## EXERCISE MATERIALS
------------------------------------------------------------
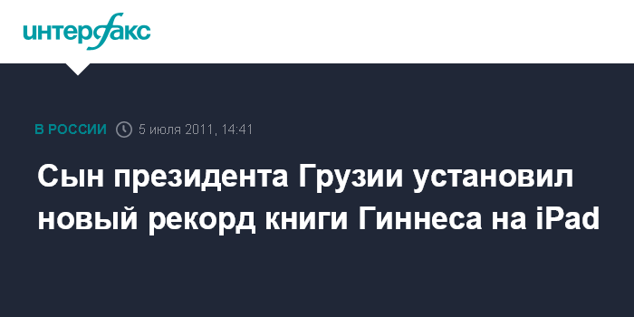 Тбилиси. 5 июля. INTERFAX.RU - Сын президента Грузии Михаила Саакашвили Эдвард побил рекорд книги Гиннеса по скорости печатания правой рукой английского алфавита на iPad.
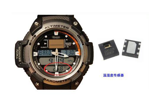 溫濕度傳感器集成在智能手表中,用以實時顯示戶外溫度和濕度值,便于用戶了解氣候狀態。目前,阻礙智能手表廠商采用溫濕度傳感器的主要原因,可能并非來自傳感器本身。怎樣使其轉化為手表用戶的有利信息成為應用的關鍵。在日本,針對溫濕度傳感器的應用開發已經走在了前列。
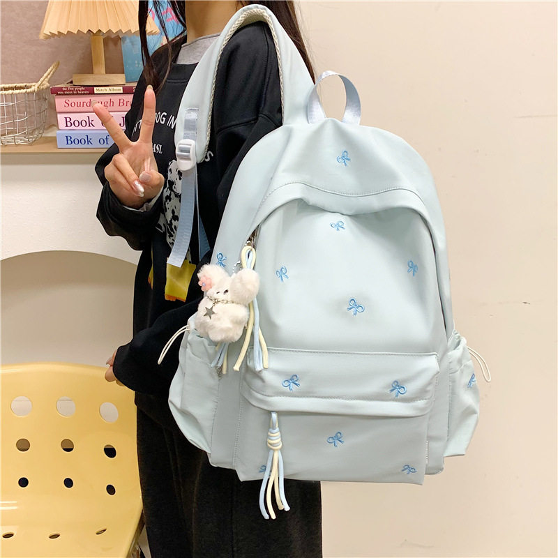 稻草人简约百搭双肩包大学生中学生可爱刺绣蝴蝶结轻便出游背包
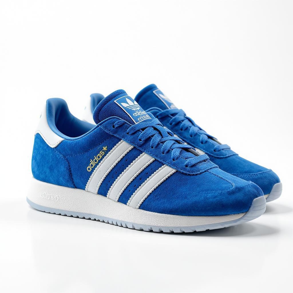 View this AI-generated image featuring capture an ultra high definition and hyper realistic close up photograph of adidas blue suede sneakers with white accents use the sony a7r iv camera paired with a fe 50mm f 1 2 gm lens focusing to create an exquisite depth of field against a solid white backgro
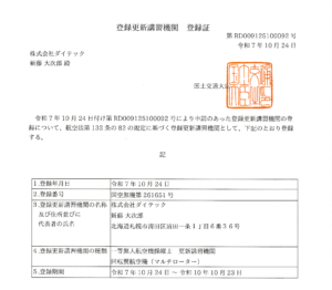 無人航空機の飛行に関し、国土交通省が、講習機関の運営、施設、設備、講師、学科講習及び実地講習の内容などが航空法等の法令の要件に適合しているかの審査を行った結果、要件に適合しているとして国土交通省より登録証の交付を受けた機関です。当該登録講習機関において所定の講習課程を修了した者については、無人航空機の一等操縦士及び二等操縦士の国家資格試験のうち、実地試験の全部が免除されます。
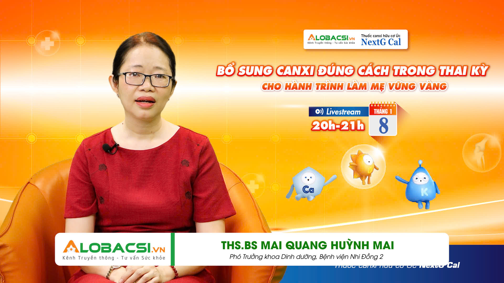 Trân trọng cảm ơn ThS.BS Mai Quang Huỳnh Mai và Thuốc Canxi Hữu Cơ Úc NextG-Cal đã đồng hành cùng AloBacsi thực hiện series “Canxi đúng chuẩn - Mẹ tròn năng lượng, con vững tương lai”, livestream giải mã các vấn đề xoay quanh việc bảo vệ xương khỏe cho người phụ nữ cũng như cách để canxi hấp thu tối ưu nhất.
------------------------------------------------------------
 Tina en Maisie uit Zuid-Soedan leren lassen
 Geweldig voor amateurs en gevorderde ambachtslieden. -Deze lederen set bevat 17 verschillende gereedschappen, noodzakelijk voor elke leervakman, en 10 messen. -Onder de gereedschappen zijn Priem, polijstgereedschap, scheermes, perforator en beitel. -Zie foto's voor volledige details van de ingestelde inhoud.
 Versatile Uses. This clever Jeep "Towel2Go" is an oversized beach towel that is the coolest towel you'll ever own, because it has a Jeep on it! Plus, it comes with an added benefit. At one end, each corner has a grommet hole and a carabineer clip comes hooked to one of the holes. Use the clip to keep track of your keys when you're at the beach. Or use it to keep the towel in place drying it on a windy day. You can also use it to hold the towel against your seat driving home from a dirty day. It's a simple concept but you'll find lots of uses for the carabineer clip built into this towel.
------------------------------------------------------------
Copy exactly the part of the material above that opens with the line containing "View this AI-generated" and closes with the line containing "Trân trọng cảm", ends included. Drop the images.

## SOLUTION FOR THIS PROBLEM
 View this AI-generated image featuring capture an ultra high definition and hyper realistic close up photograph of adidas blue suede sneakers with white accents use the sony a7r iv camera paired with a fe 50mm f 1 2 gm lens focusing to create an exquisite depth of field against a solid white backgro
 無人航空機の飛行に関し、国土交通省が、講習機関の運営、施設、設備、講師、学科講習及び実地講習の内容などが航空法等の法令の要件に適合しているかの審査を行った結果、要件に適合しているとして国土交通省より登録証の交付を受けた機関です。当該登録講習機関において所定の講習課程を修了した者については、無人航空機の一等操縦士及び二等操縦士の国家資格試験のうち、実地試験の全部が免除されます。
 Trân trọng cảm ơn ThS.BS Mai Quang Huỳnh Mai và Thuốc Canxi Hữu Cơ Úc NextG-Cal đã đồng hành cùng AloBacsi thực hiện series “Canxi đúng chuẩn - Mẹ tròn năng lượng, con vững tương lai”, livestream giải mã các vấn đề xoay quanh việc bảo vệ xương khỏe cho người phụ nữ cũng như cách để canxi hấp thu tối ưu nhất.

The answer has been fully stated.